▶ [WORK TO COMPLETE]
Which lines belong in your copy? Those from the start of the data through the line with "b. When the", exactly as written, without any pictures.

▶ [DATASET CONTENT]

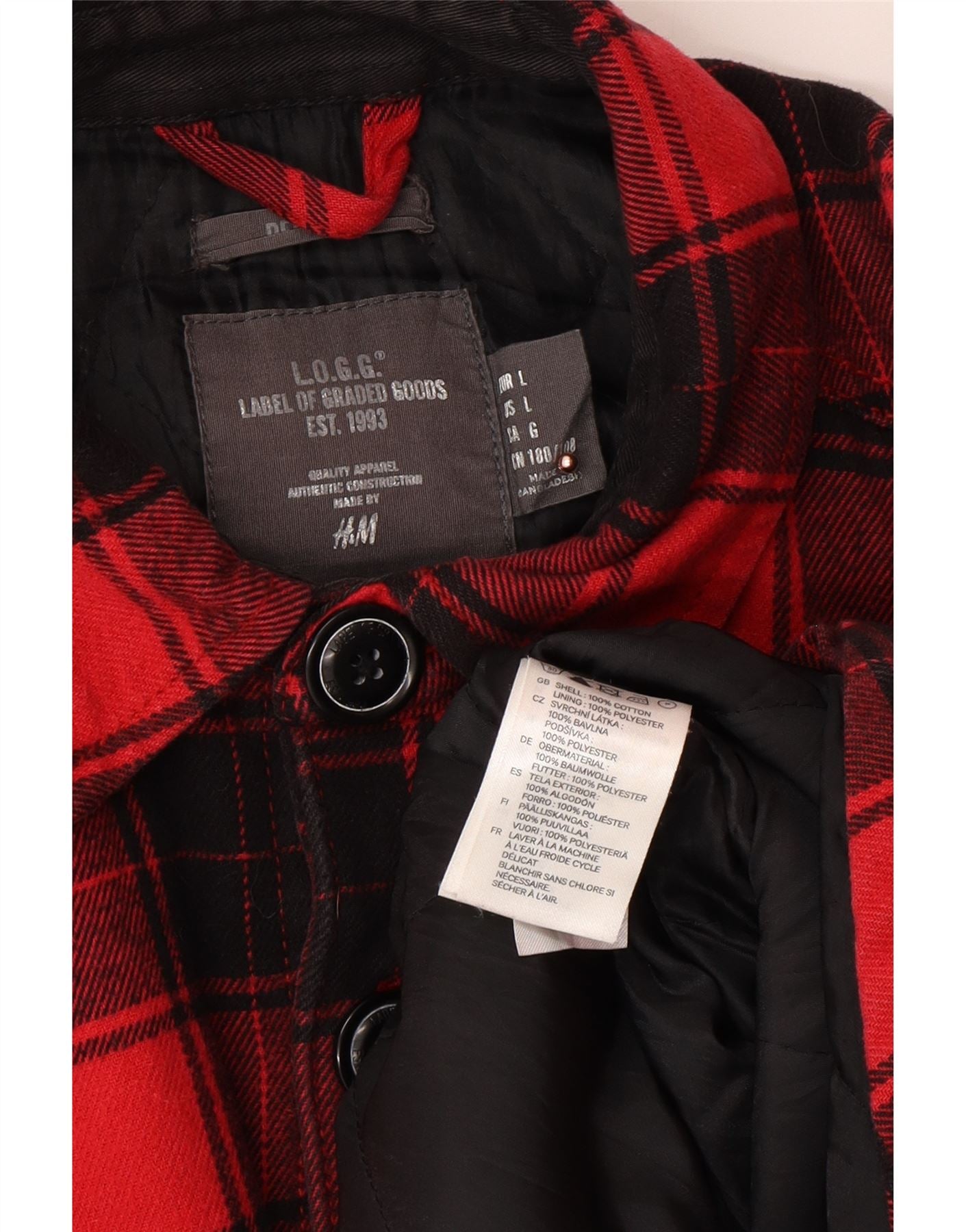 H&M Mens Lumberjack Flanel Shirt Large Pink Ternet Bomuld
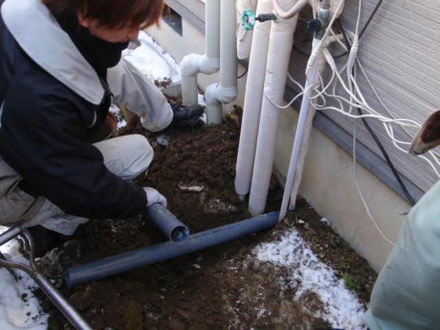| 今回お買いあげいただいた給湯機は(ecoジョーズ)排水管が別に必要になります。 | 下水のトラップマスに穴を開け、排水用の塩ビ管を接続します。その廻りはドレンタイトで穴をふさぎます。 | 土を埋め戻し、整地をして完了です。少ない水でも配管はしっかりやります。 |
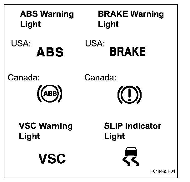 b. When the ignition switch is turned to the ON position, check that the ABS warning light, VSC warning light, BRAKE warning light and SLIP indicator light come on for approximately 3 seconds.
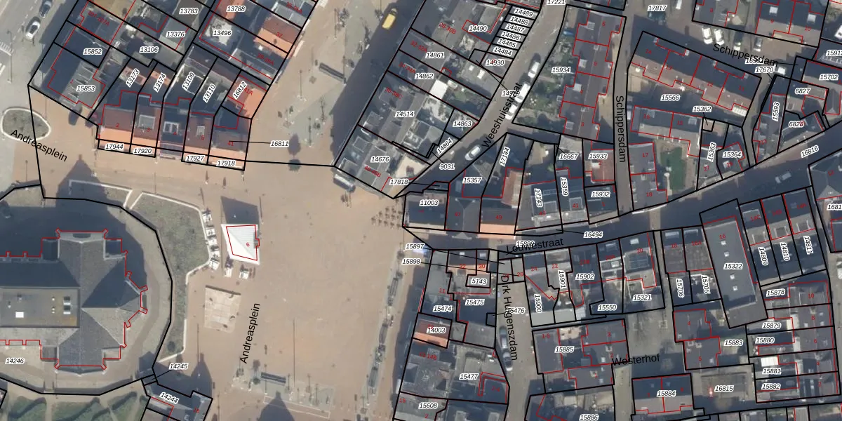 Het perceel waarop Andreasplein 7 staat heeft een oppervlakte van 87 m². Dit is een klein perceel. De perceeloppervlakte wordt geregistreerd door het Kadaster. Gedetailleerde informatie over de maten van dit perceel kunt u vinden in het rapport Kadastrale kaart met maatvoering van Andreasplein 7.
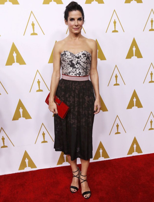 Oscar winner and nominee Sandra Bullock opted for a floral printed dress with different coloured top and skirt. She added colour to her look with red clutch. (AP)
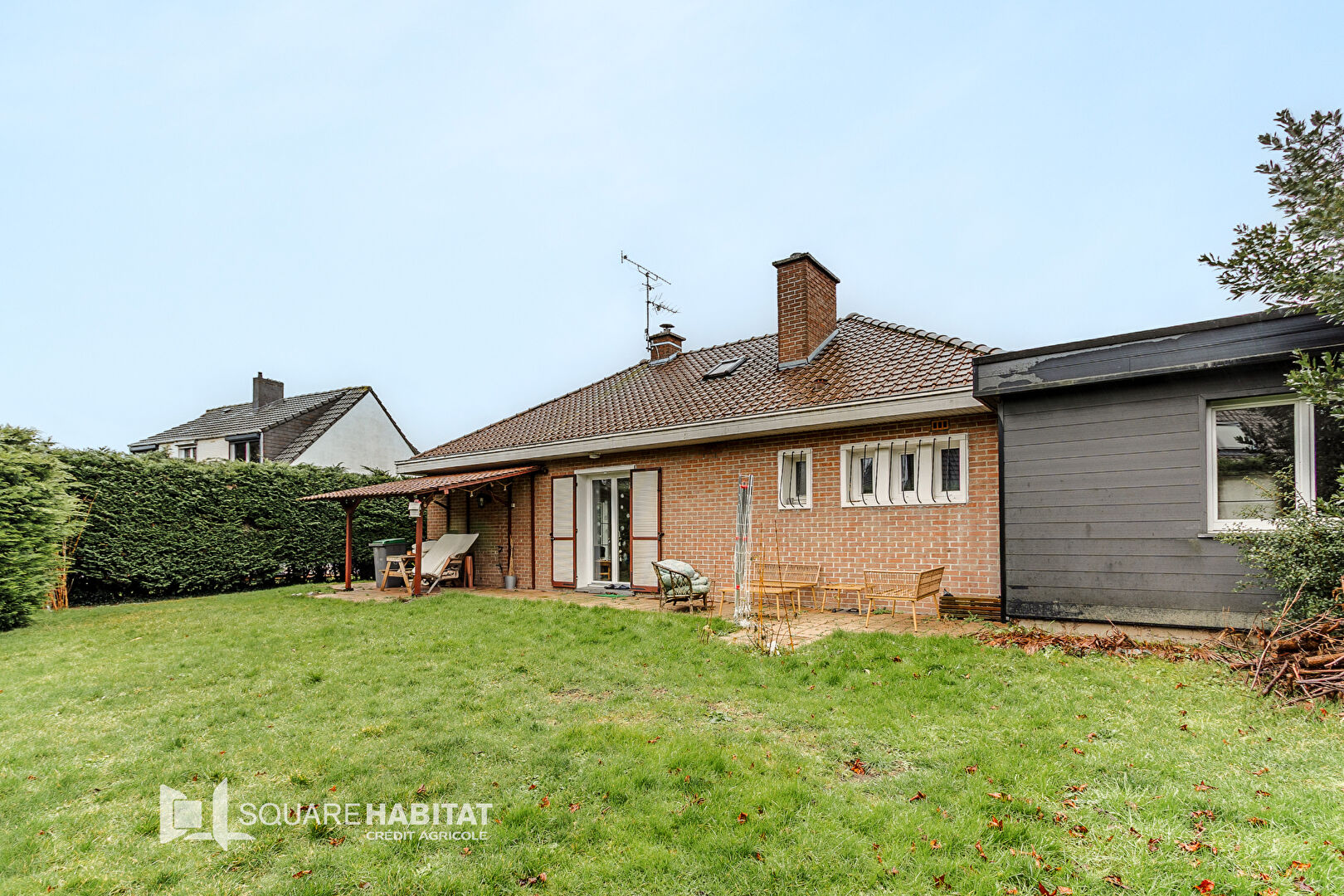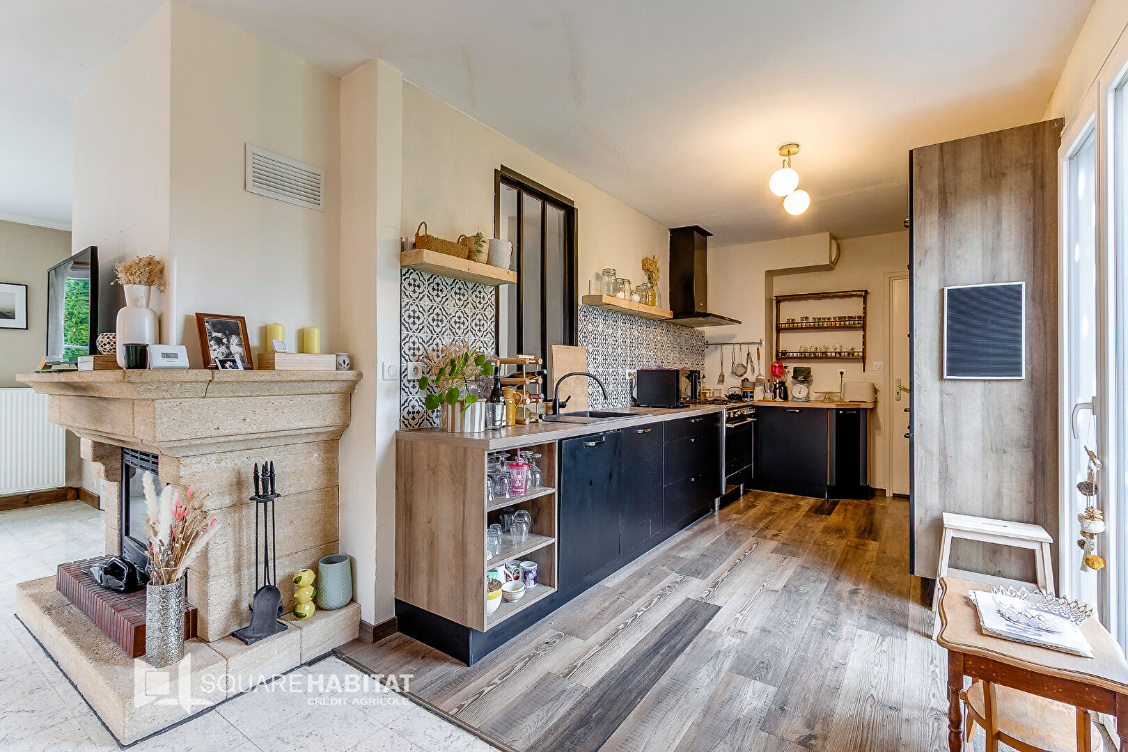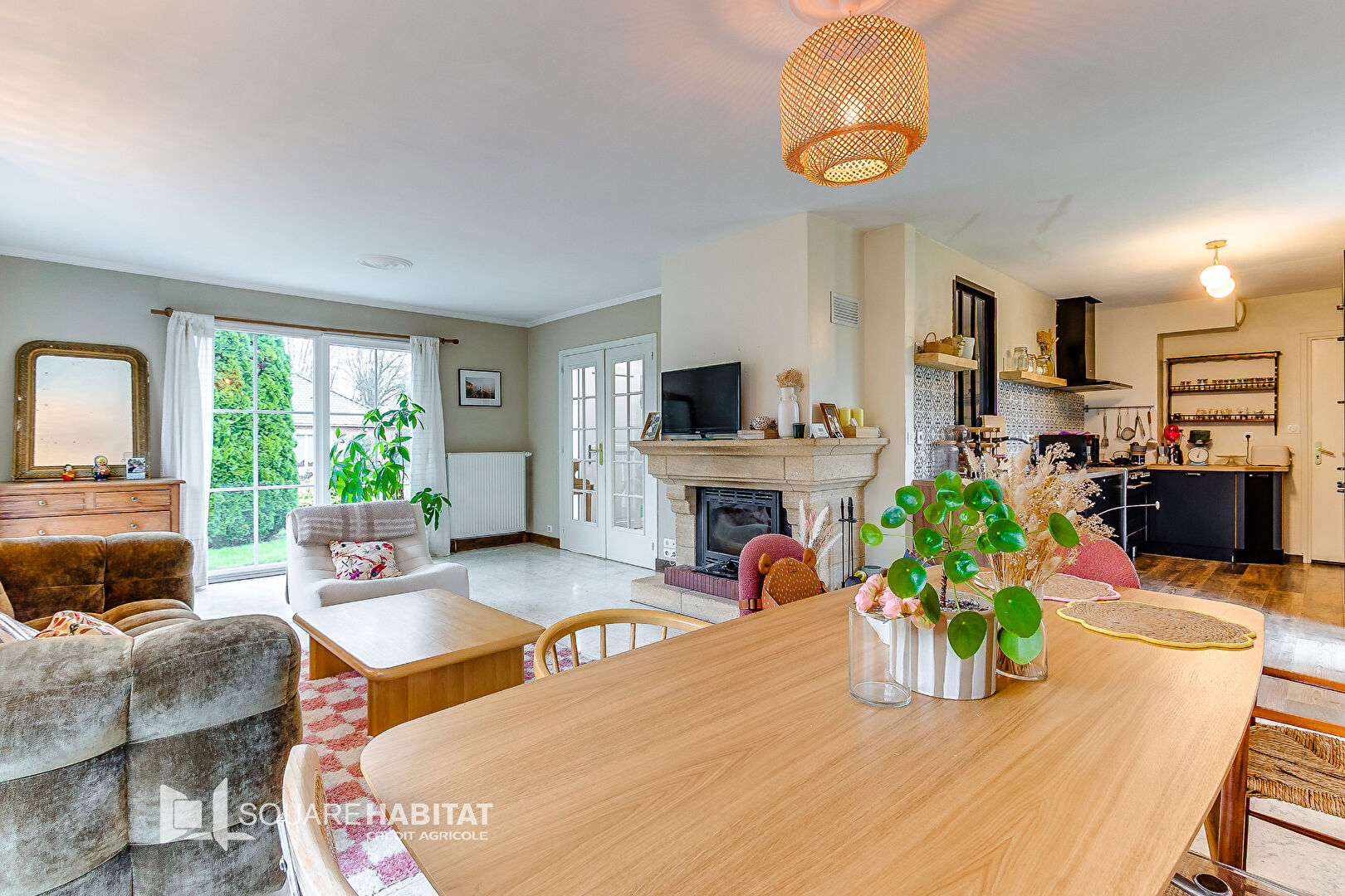 Maison semi-plain-pied érigée sur une parcelle de plus de 700m², offrant une pièce de vie lumineuse et une cuisine équipée, toutes deux avec accès au jardin clos et arboré.
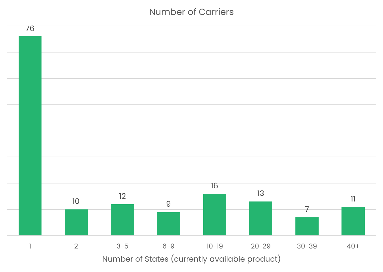 → The following chart shows the breakdown of carriers by number of states where they are offering plans today.
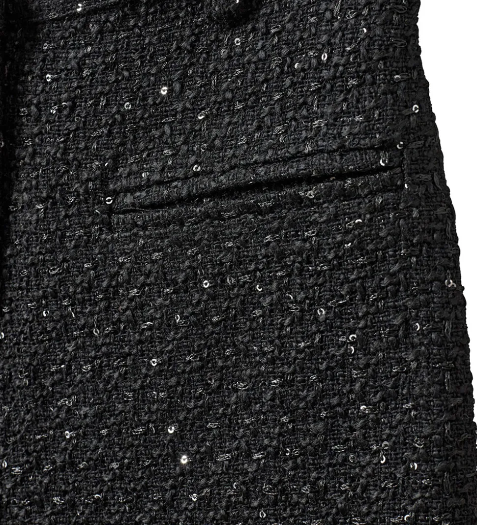 Lækker Sofie Schnoor nederdel i sort med glitrende palietter, der tilføjer et festligt touch. Nederdelen åbnes fortil med hægte og lynlås.

▶ [ANSWER SPACE]
 H&M Mens Lumberjack Flanel Shirt Large Pink Ternet Bomuld
| 今回お買いあげいただいた給湯機は(ecoジョーズ)排水管が別に必要になります。 | 下水のトラップマスに穴を開け、排水用の塩ビ管を接続します。その廻りはドレンタイトで穴をふさぎます。 | 土を埋め戻し、整地をして完了です。少ない水でも配管はしっかりやります。 |
 b. When the ignition switch is turned to the ON position, check that the ABS warning light, VSC warning light, BRAKE warning light and SLIP indicator light come on for approximately 3 seconds.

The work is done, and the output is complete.